The water used in unconventional resource development and hydraulic fracturing typically comes from surface or groundwater sources.



Water source

Prior to drilling a well, an evaluation of supply water is performed which includes consideration of volume and water quality requirements, regulatory and physical availability, competing uses, proximity, means of transport and characteristics of the geologic formation to be fractured; a source of water is then selected based on these factors and permits are applied for under applicable regulations.

Wastewater management

Wastewater on the surface must be carefully managed. The infrastructure required to gather, store and move wastewater associated with unconventional resources development is not overly complex, but provides opportunities for human error, accidents and spills. We seek to mitigate these risks with a disciplined approach to water management through our Operations Integrity Management System and through close tracking and reporting on spills.

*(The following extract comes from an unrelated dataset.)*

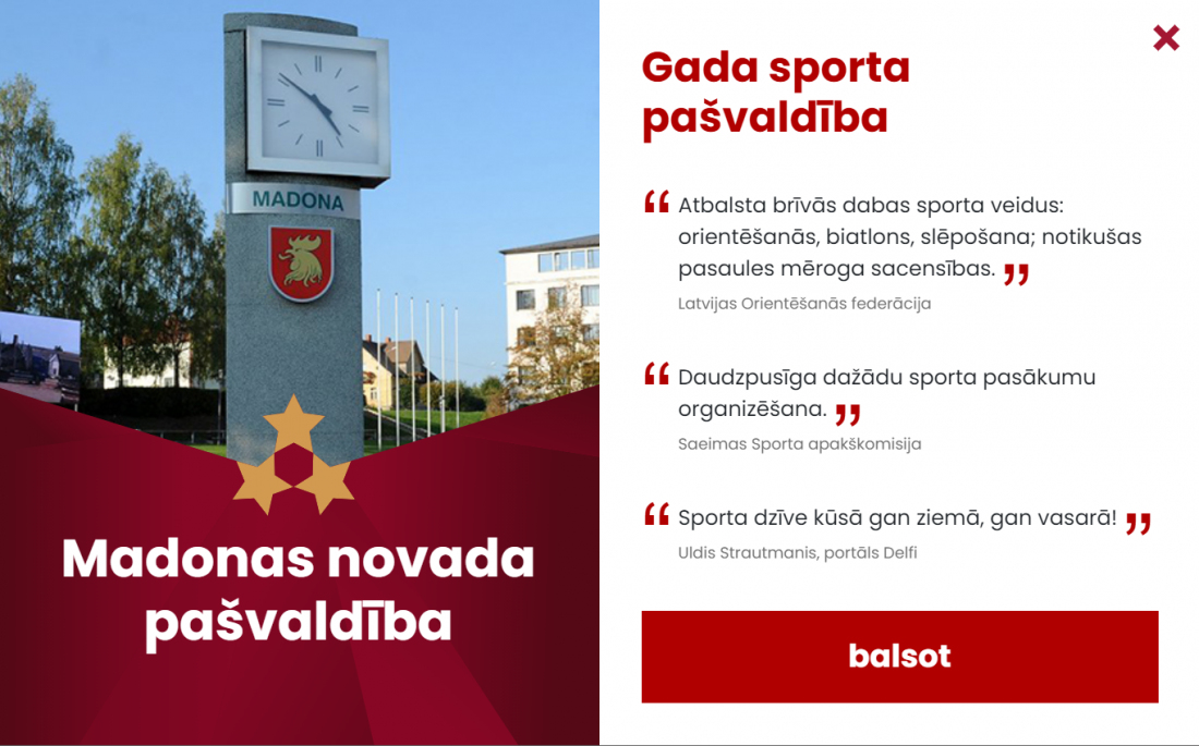 Nominēto vidū Madonas novada pašvaldība ("Gada sporta pašvaldība").

Water management is highly dependent on local factors and disposal is subject to federal and state requirements. XTO examines the options in each operating region and weighs them based upon availability and practicability. In most cases, wastewater is injected into deep underground reservoirs through disposal wells, which are regulated by federal Safe Drinking Water Act requirements.

We are constantly seeking innovative solutions for addressing wastewater issues throughout our operations. For example, in Colorado, XTO Energy’s coal bed methane operations in the Ratón Basin produce an average of 1.5 million gallons of water per day. This produced water, which is a naturally occurring by-product, is released into the environment after being treated in accordance with applicable regulatory requirements and benefits agriculture, wildlife and recreation in this often water-scarce region. XTO Energy manages this produced water stream in a way that blends it into the natural environment, such as introducing it into what were once dry streambeds.